Je tiens quand même à dire, et c’est une chose importante, c’est que pour certains réalisateurs cette méthode peut ne pas fonctionner, c’est-à-dire que si on ne réalise que des films pour lesquels on a un producteur qui nous a dit : oui, ça, je sens que tu peux le faire et je t’autorise, je te donne les moyens de le réaliser, certains réalisateurs peuvent se retrouver contraint à ne réaliser que des films qu’ils n’avaient à la base pas envie de réaliser et à force de faire ça, on peut perdre l’envie même de faire des films.
Mais moi heureusement, ce n’était pas du tout mon cas. Lorsque un producteur me disait : ce film, je sens que tu peux le faire, et bien j’allais voir le même genre de film, et à force de regarder ce type de film que l’on m’invitait à réaliser, petit à petit, j’avais envie à mon tour de faire un film de ce genre et en cela, je me dis heureusement que j’étais déjà un cinéphile à la base parce que cela m’a permis de me dire ah oui, moi aussi, je pourrais faire comme ça a été fait dans tel film.

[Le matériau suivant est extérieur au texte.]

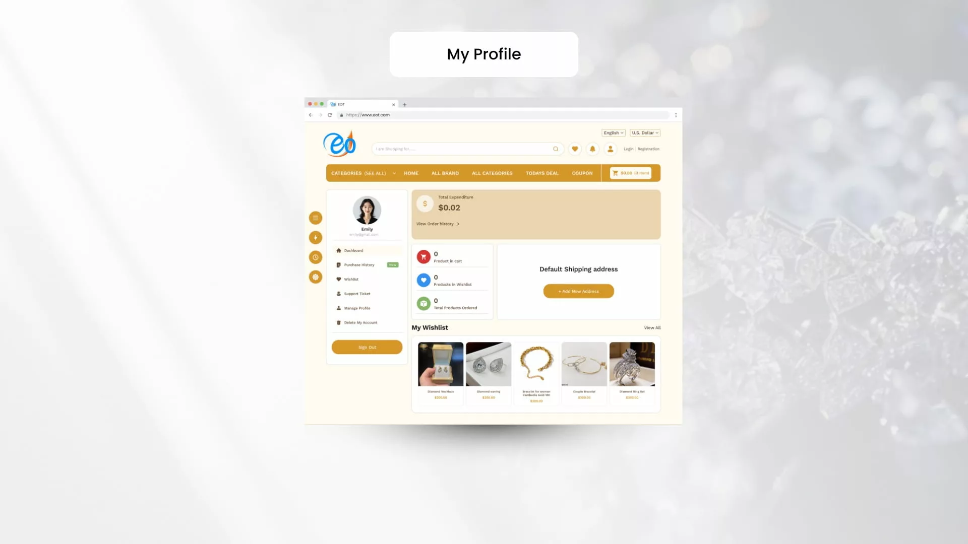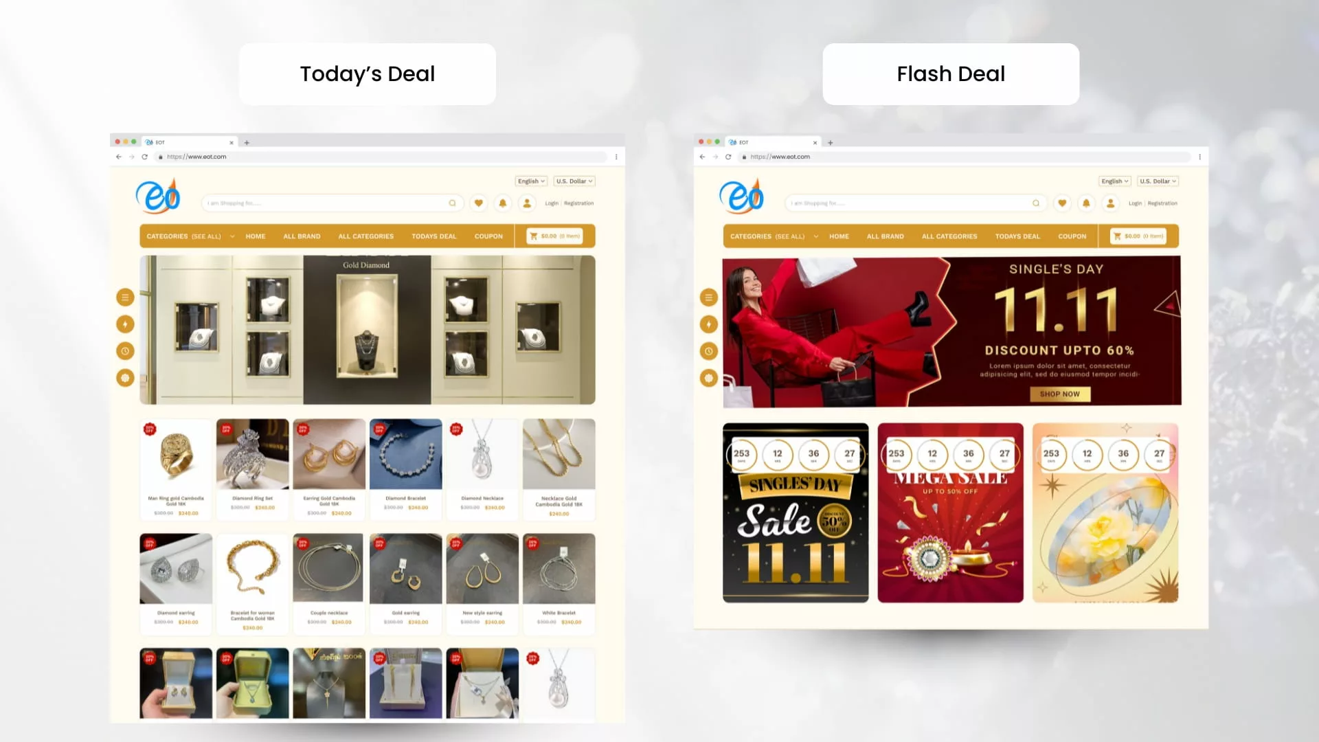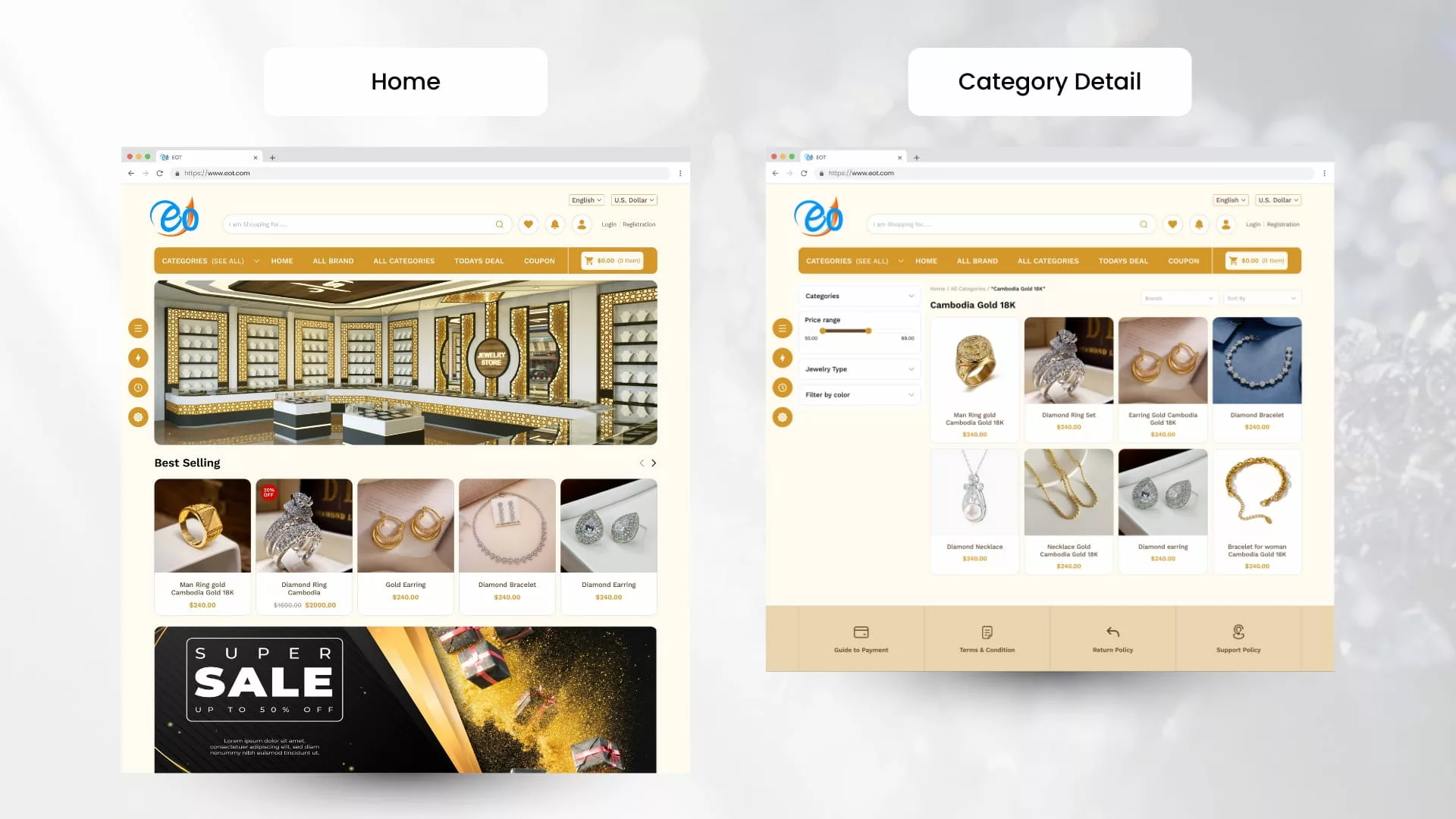 Displays jewelry items in organized categories such as rings, necklaces, bracelets, and earrings with high-quality images and pricing.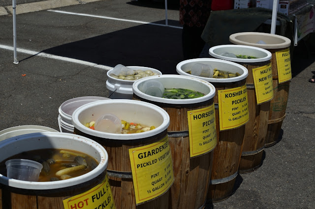 My favorite treats are the market were the pickles and olives from a vendor from New Jersey. What caught my eye was a barrel of Horseradish pickles, which I’ve never tried before. Not as spicy as I thought it would be, I wound up buying a pint for $5 (and I’m snacking on them now). If you’re not a fan of horseradish, they’ve got the usual pickle varieties: Kosher dill, half sour, full sour, and hot pickles, as well as their own Giardiniere. Aside from pickles, they sell a variety of olives, sundried tomatoes and olive oil. The kalamata olives are excellent.

Donc à force de prendre le temps de regarder des films, l’envie me vient à mon tour de réaliser un film du même genre. Je me dis donc, heureusement que j’ai vu tous ces films et que j’étais conscient de leur intérêt parce que c’est vraiment ça qui m’a poussé à réaliser des films à mon tour.

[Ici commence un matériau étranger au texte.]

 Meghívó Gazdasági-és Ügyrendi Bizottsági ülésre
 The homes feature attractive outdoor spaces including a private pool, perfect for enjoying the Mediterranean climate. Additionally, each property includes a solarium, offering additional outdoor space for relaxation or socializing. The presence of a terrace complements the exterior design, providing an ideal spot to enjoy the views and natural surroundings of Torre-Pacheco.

Après il m’arrive aussi parfois d’avoir des films que je veux réaliser dès le début où je vais concevoir l’idée de départ et je vais aller jusqu’à la réalisation et c’est notamment le cas avec Cure où j’avais une grande envie de réaliser ce film alors j’ai entamé l’écriture du scénario, mais cela m’a pris cinq ou six ans à partir de là jusqu’à sa réalisation donc c’est vrai que c’est un processus qui prend plus de temps.
En tout cas, très peu de temps après Cure, vous réalisez un film très libre qui s’appelle Charisma et qui date de 1999. Le film débute comme un polar, avant d’en sortir complètement et de proposer un scénario qui n’est absolument pas calibré et qui va vers des chemins beaucoup plus existentiels et métaphysiques, c’est difficile de l’assigner à un genre. Est-ce que ce film-là est aussi pour vous une manière de dire : vous m’attendez désormais dans un certain genre, celui du polar, celui du thriller, et donc je vais aller ailleurs et rester inclassable ?

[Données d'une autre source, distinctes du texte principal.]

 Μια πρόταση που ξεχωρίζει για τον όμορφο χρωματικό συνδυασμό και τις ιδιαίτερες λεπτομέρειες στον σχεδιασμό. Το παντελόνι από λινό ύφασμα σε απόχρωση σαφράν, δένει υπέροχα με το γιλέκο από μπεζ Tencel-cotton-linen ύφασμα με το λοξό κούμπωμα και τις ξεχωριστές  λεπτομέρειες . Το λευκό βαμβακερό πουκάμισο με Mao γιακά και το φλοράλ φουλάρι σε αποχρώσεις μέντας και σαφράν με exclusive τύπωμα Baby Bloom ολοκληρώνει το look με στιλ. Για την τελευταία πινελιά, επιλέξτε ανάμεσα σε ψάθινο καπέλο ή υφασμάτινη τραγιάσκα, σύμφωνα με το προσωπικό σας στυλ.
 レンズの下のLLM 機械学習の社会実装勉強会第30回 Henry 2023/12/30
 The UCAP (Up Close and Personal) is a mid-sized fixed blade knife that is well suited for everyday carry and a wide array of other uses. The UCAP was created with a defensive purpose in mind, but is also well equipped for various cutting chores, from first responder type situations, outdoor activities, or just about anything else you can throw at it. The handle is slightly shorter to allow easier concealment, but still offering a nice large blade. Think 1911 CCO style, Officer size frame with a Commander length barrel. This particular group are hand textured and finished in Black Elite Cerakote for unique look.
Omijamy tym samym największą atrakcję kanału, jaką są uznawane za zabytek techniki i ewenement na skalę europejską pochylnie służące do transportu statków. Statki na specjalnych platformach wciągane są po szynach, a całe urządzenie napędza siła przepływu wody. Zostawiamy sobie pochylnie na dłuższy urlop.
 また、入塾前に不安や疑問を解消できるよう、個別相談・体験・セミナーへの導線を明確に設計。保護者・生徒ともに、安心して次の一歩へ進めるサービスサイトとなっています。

Alors effectivement, à l’étranger en ordre d’apparition des films il y a eu Cure, puis Charisma, mais en réalité entre ces deux films, j’ai réalisé deux autres films, cette fois-ci de yakuza. Pour tout vous dire, le scénario de Charisma je l’avais écrit avant même Cure, dans les années ‘80, mais ne trouvais pas les moyens de réaliser ce film, et c’est finalement au bout de dix ans que j’ai enfin pu le tourner. Donc c’est un film qui a un parcours un peu atypique. Pardon j’ai oublié de préciser, j’ai tourné deux films de yakuza, mais aussi un film familial.
Je me demande moi-même ce que j’avais en tête lorsque j’ai conçu le scénario de Charisma, mais oui je me souviens que l’idée était de faire l’inverse de Cure et de faire quelque chose de complètement à rebours. Alors j’ai voulu emprunter aux codes et aux bases du cinéma de genre pour aller vers l’expression de choses qu’il est a priori impossible de représenter dans un film de genre. Ça a été très difficile à mettre en place mais le résultat de cette réflexion a donc été Charisma. Mais encore une fois, ça a été un scénario qui a été écrit avant Cure et que j’ai mis dix ans à réaliser
La mémoire me revient à mesure que je vous parle, donc je me souviens que j’avais écrit le scénario de Charisma, mais évidemment ce n’était pas facile de réaliser ce film et j’étais arrivé à un moment où je me demandais ce que j’allais faire, vers où je devais me diriger… Et c’est justement à ce moment que j’ai vu Le Silence des Agneaux, j’ai été bouleversé et choqué par la vision de ce film, et j’ai eu la certitude à ce moment-là que les codes du film de genre était quelque chose à absolument respecter et que c’était là le secret pour faire un beau film donc j’ai mis de côté mon scénario de Charisma pour entreprendre l’écriture de Cure.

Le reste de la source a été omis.